[[ Recorded data, beginning ]]

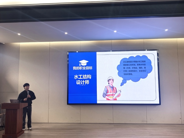 经过前期广泛动员和初步筛选,共有六名同学入围本次比赛。入围选手依次登台,围绕职业目标、学习实践行动和优化改进等方面,进行7分钟主题陈述,并回答评委提问。经过激烈角逐,最终评选出本次比赛的结果:2024级水利水电工程专业的熊茂淋同学获得一等奖,2024级能源与动力工程专业汤留浩和2025级能源与动力工程专业任润冬2名同学获得二等奖,2023级能源与动力工程专业蒲俊豪、2025级水利水电工程专业陈果和2025级水利水电工程专业郭吕好嘉3位同学获得三等奖。
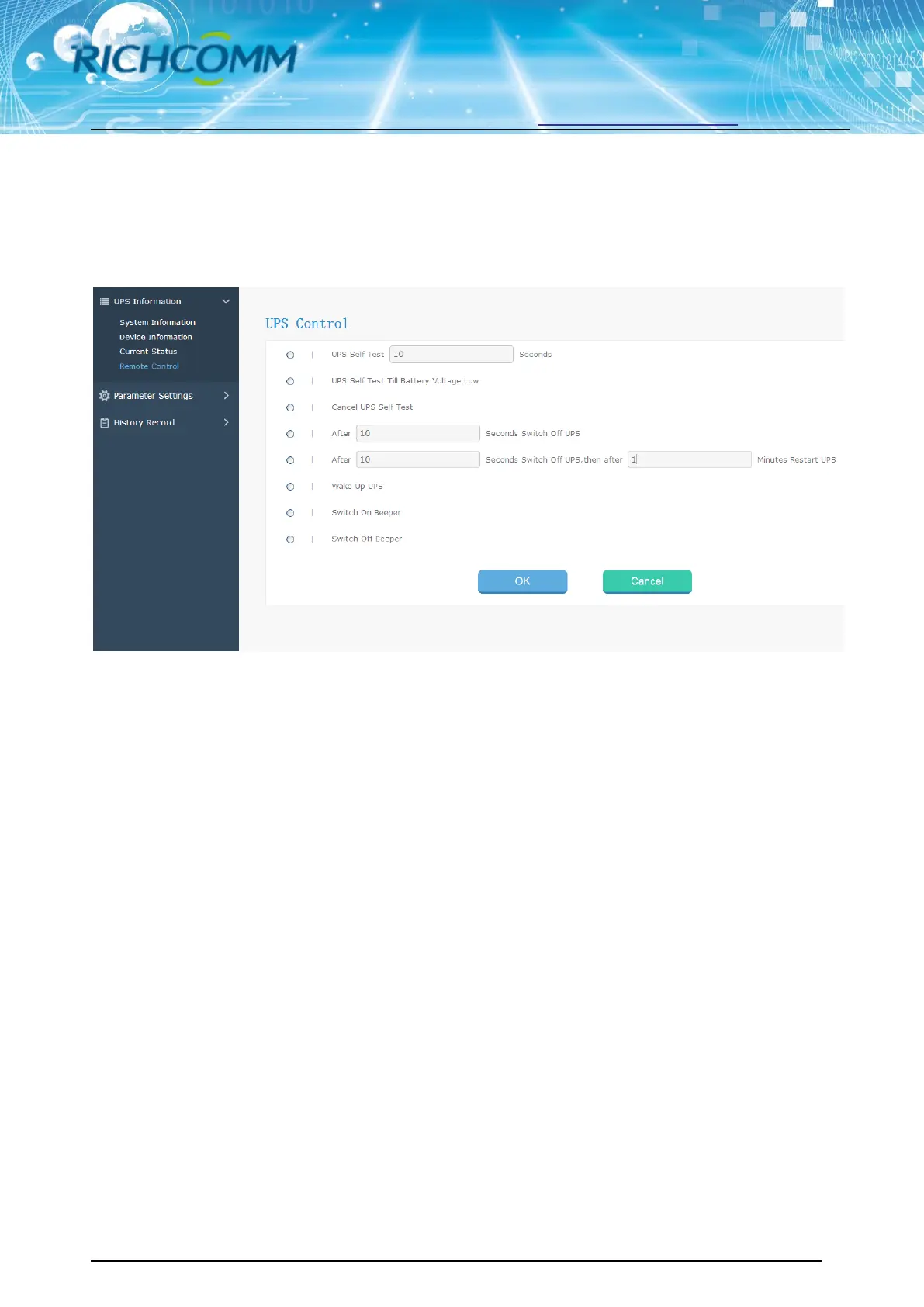 This part is to set UPS basic parameters and the communication protocol is default, Baud Rate/
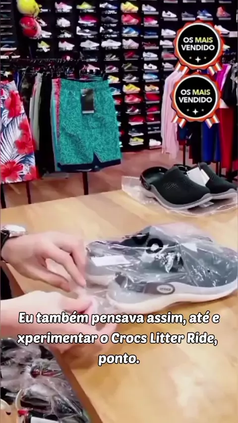 Por que continuar sofrendo com chinelos que escorregam na praia? #CrocsLiteRide #ChinelosConfortaveis #SapatosAntiderrapantes #EstiloEConforto #PraiaSemPreocupacao
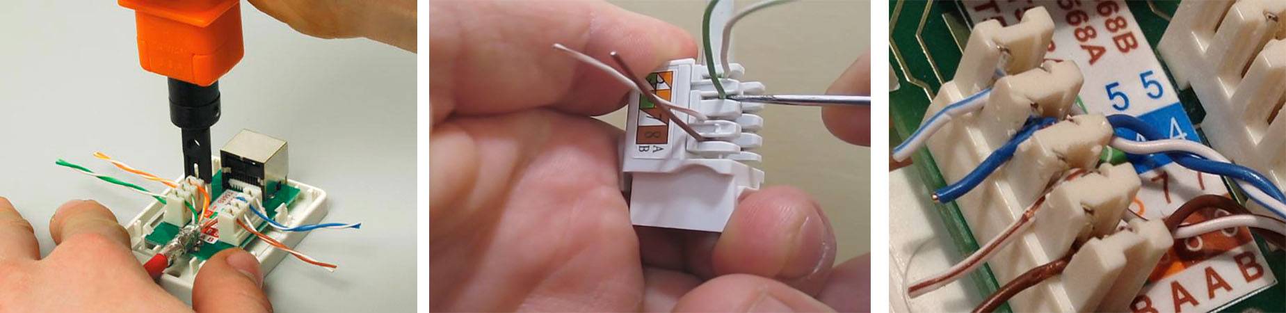 Пластиковая часть интернет-розетки прикручивается к стене — компьютерным разъёмом вниз, а кабельным входным отверстием наверх. Далее действия производятся в такой последовательности:

[[ Recorded data, end ]]

- Activity -
Without any pictures, please write out the lines from the one containing "This part is" through the final line of the data, exactly and inclusive of both ends.

- Reply to the task -
 This part is to set UPS basic parameters and the communication protocol is default, Baud Rate/
 Por que continuar sofrendo com chinelos que escorregam na praia? #CrocsLiteRide #ChinelosConfortaveis #SapatosAntiderrapantes #EstiloEConforto #PraiaSemPreocupacao
 Пластиковая часть интернет-розетки прикручивается к стене — компьютерным разъёмом вниз, а кабельным входным отверстием наверх. Далее действия производятся в такой последовательности:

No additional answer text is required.